▸ The data
*** Block opens ***

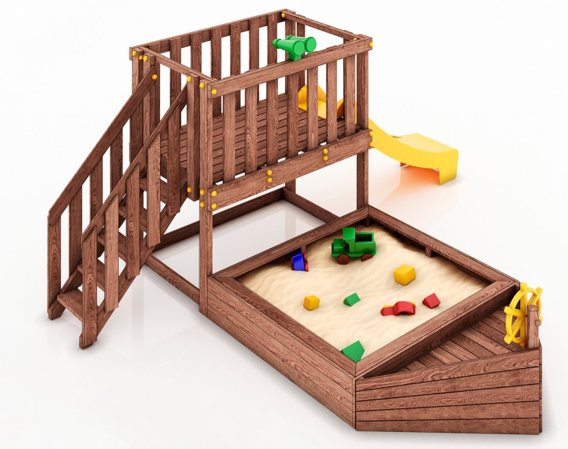 Детская песочница-кораблик и капитанский мостик с горкой с высоты 900 мм.
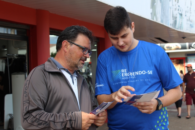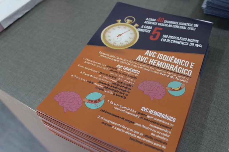 Para conscientizar a população, os alunos distribuíram folders, com a explicação dos fatores de risco e sobre como identificar um Acidente Vascular Cerebral
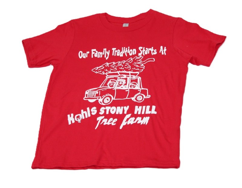 THIS T-SHIRT IS OF YOUTH MEDIUM WITH OUR WHITE DECAL THAT SAYS "OUR FAMILY TRADITION STARTS AT KOHLS STONY HILL TREE FARM". ALSO FEATURES A CAR WITH A TREE ON TOP. WE WILL CALL WITH COLOR OPTION AS THE DO VARY AT THE TIME OF PURCHASE.

*** Block closes ***

▸ Exercise
Set down again, exactly, the lines from the one with "Para conscientizar a" to the last line of the data, both included and pictures excluded.

▸ Answer space
 Para conscientizar a população, os alunos distribuíram folders, com a explicação dos fatores de risco e sobre como identificar um Acidente Vascular Cerebral
 THIS T-SHIRT IS OF YOUTH MEDIUM WITH OUR WHITE DECAL THAT SAYS "OUR FAMILY TRADITION STARTS AT KOHLS STONY HILL TREE FARM". ALSO FEATURES A CAR WITH A TREE ON TOP. WE WILL CALL WITH COLOR OPTION AS THE DO VARY AT THE TIME OF PURCHASE.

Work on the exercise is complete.